Debiti PA. Il report del Mef: Ministero della Salute ha saldato creditori per 9,16 mld

Debiti PA. Il report del Mef: Ministero della Salute ha saldato creditori per 9,16 mld

Debiti PA. Il report del Mef: Ministero della Salute ha saldato creditori per 9,16 mld
I dati aggiornati al 23 settembre indicano che sono state utilizzate quasi tutte le risorse messe a disposizione dallo Stato, pari a 9,19 mld. Le Regioni hanno invece garantito ai creditori del comparto sanitario un totale di circa 10,3 miliardi, somma che è stata erogata in tre tranches. IL REPORT

Il Ministero della Salute ha pagato quasi l’intera somma dei suoi debiti, in base a quanto previsto dal Dl 35/2013: sono stati estinte pendenze per 9,16 miliardi sui 9,19 assegnati. E’ quanto emerge dalla relazione, elaborata dal Ministero dell’Economia e delle Finanze e aggiornata al 23 settembre, sul pagamento dei debiti contratti dalle Pubbliche amministrazioni.

Le Regioni, nell’ambito di tre tranches, hanno garantito ai creditori del comparto sanitario un totale di circa 10,3 miliardi. Nella prima (stato di attuazione del Dl 35) hanno erogato 4,82mld, rispetto ai 5 mld assegnati nel corso del 2013. Nella seconda (stato di attuazione del DL 102) hanno pagato 2,5 mld, pari al totale di quanto messo a disposizione dallo Stato. Nella terza e ultima tranche (Dl 102) l’importo stanziato era di 5, 58 mld, ma le risorse effettivamente messe a disposizione dello Stato sono state di 4 mld, di cui 3 mld sono stati utilizzati dalle Regioni per pagare i creditori.

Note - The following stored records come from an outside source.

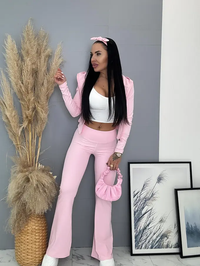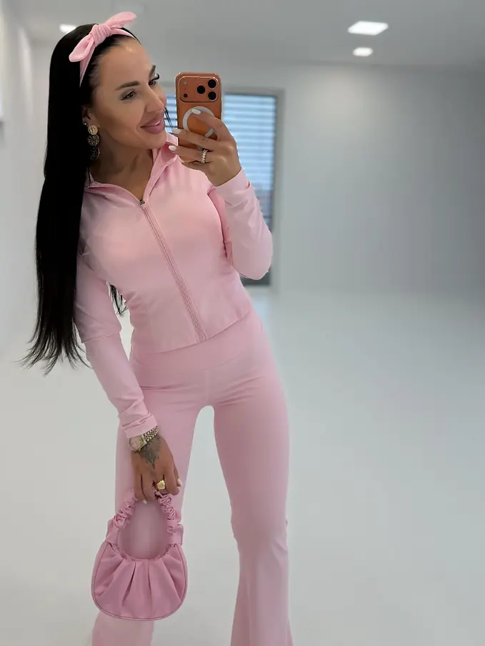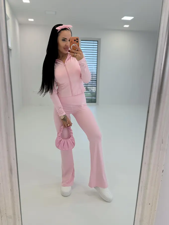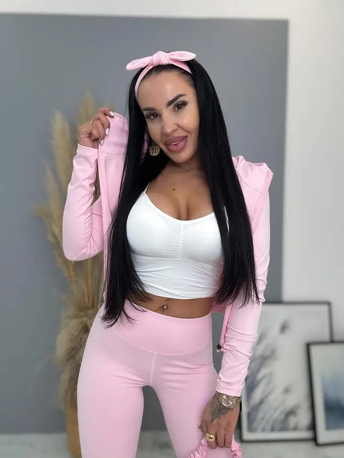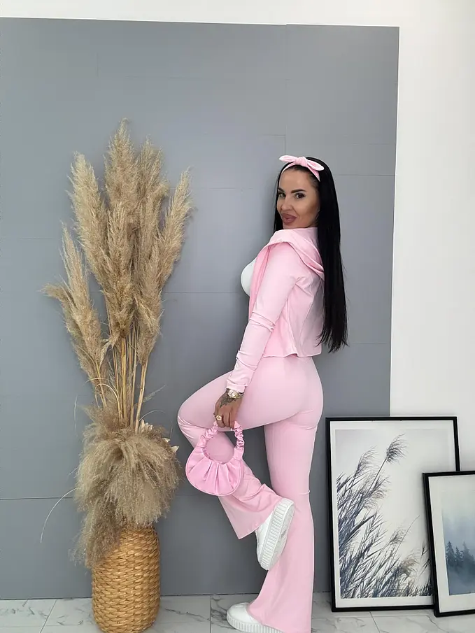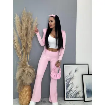 Dámsky komplet z novej kolekcie. Pozostáva z mikiny a nohavíc. Nohavice majú gumený pás. Materiál je príjemný, elastický.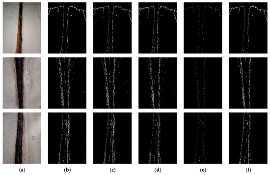 Comparison of the segmentation of pipe gallery disease areas: (a) original drawing; (b) mask image; (c) U-Net; (d) FCN; (e) Deeplabv3+; (f) PipeU-NetX.
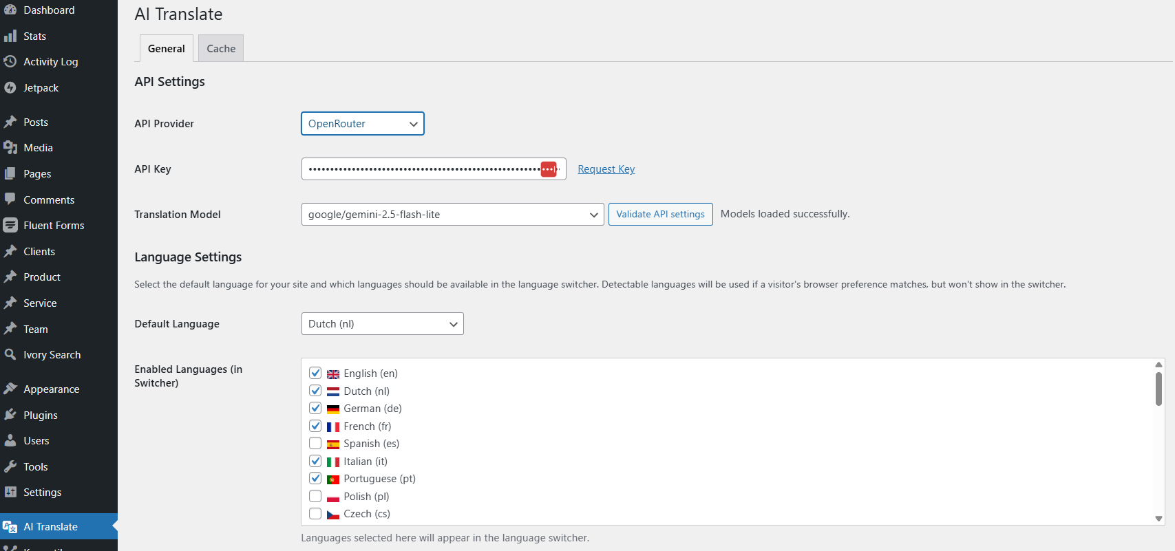 AI Translate uses a smart caching system that stores translations in WordPress and files. Translations are only regenerated when the original content changes. This saves API costs and improves your website speed.

Non per tutte le amministrazioni regionali si è però dovuto ricorrere a questo meccanismo, in quanto in alcuni casi il Tavolo di verifica degli adempimenti ha appurato che non sussiste un fabbisogno di cassa, essendo il sistema dei pagamenti regionale idoneo a garantire regolarità e tempestività. Per la terza tranche, in molti casi le Regioni hanno anticipato con risorse proprie correnti i pagamenti delle fatture comprese nei piani presentati per l'accesso alle anticipazioni di liquidità, per cui si registrano pagamenti effettuati anteriormente alla rimessa delle somme da parte del Mef che ripristina la liquidità corrente anticipata dalla regioni e quindi va ad incidere, riducendoli, sui tempi dei pagamenti dei debiti di nuova formazione. 

Complessivamente lo Stato ha reso disponibile risorse e strumenti finanziari pari a un importo complessivo di circa 57 miliardi per il pagamento di debiti maturati al 31 dicembre 2013. Le somme richieste ed erogate agli enti debitori alla data del 23 settembre risultano pari complessivamente a 38,4 miliardi di euro (63%). Le stime dei pagamenti effettuati ai soggetti creditori su queste risorse sono pari a 31,3 miliardi (55%).